Sunflowers cultivated in Mexico 4,600 years ago

Times Staff Writer

New evidence confirms that the sunflower was domesticated in Mexico more than 4,600 years ago, researchers say, contrary to the widely held belief that it was converted into a food crop only in the Mississippi Valley.

“Given all the available data, the best explanation is that the sunflower was domesticated twice,” said archaeologist David L. Lentz of the University of Cincinnati.

The sunflower has been an important food crop in the Americas, both for its high fat content and its oil. It also played a role in many religious rites.

Lentz reported seven years ago that he and his colleagues had discovered a 4,600-year-old sunflower seed and achene, the sunflower fruit containing the seeds, at San Andres in Tabasco state on Mexico’s Gulf Coast.


But critics, including Bruce Smith of the Smithsonian Museum of Natural History, argued that the remains were not really sunflower. Smith also said that genetic analysis indicates that sunflowers from Mexico and the United States have the same origin.

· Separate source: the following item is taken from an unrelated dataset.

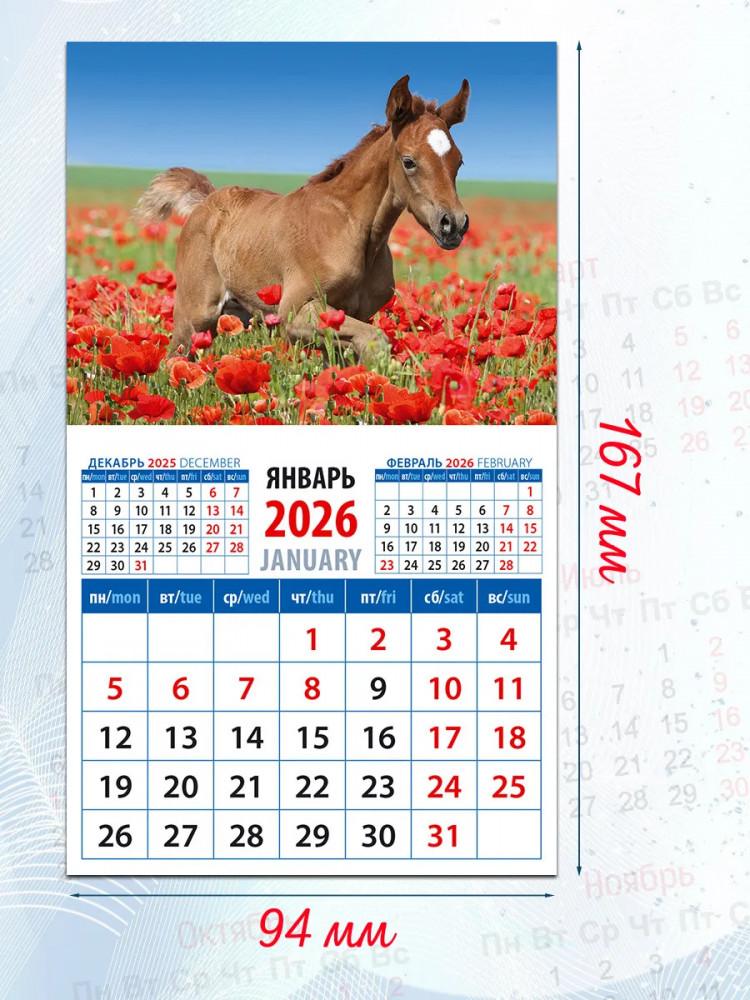 Календарь на магните на 2026 год «Год лошади. Жеребенок среди маков»В данный момент этот товар отсутствует в продаже. Возможно, у нас найдется аналогичный или похожий товар здесь. Календарь на магните на 2026 год — это компактный и практичный помощник, который легко размещается на холодильнике или любой металлической поверхности, позволяя всегда держать важные даты перед глазами. Его яркое оформление и удобный формат сочетают функциональность планирования и элемент декора, органично вписываясь в интерьер кухни или офиса. |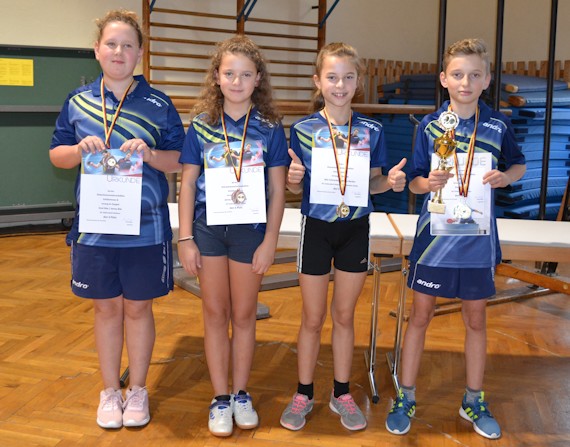 Mia gewinnt im Einzel der Schülerinnen U11 die Silbermedaille Im System "Jeder gegen Jeden" wurden mit Hin- und Rückspiel die Einzel ausgetragen. Gegen die große Favoritin vom Gastgeber schlug sich Mia sehr achtbar und unterlag im 2. Spiel nur hauchdünn mit 9:11 im Entscheidungssatz. Die weiteren Einzel gewann Mia ohne Mühe und konnte sich am Ende über Silber freuen.

Many experts think that Spanish conquistadors were responsible for bringing domesticated sunflowers to Mexico from the north.

A new discovery from a site called Cueva del Gallo in the central state of Morelos confirms the earlier find, Lentz and his colleagues reported Monday in the Proceedings of the National Academy of Sciences. They discovered three well-preserved achenes that they say are indisputably sunflowers and that date from around 300 BC, 1,800 years before the Spaniards’ arrival.

“The Cueva del Gallo shells are in excellent condition and have unmistakable sunflower traits, removing all doubt about the pre-Columbian presence of domesticated sunflower in Mexico,” said coauthor Mary D. Pohl of Florida State University.

The large size of the achenes identifies them clearly as domesticated varieties. The achenes are about 30% larger than those of domesticated sunflowers from Mississippi Valley sites of the same period, suggesting an independent origin, Lentz said.

The team also interviewed indigenous people in different parts of Mexico where sunflowers are grown today. Eleven of the 14 groups had unique words for “sunflower” that bore no relationship to either the Spanish word for the plant or the names used farther north.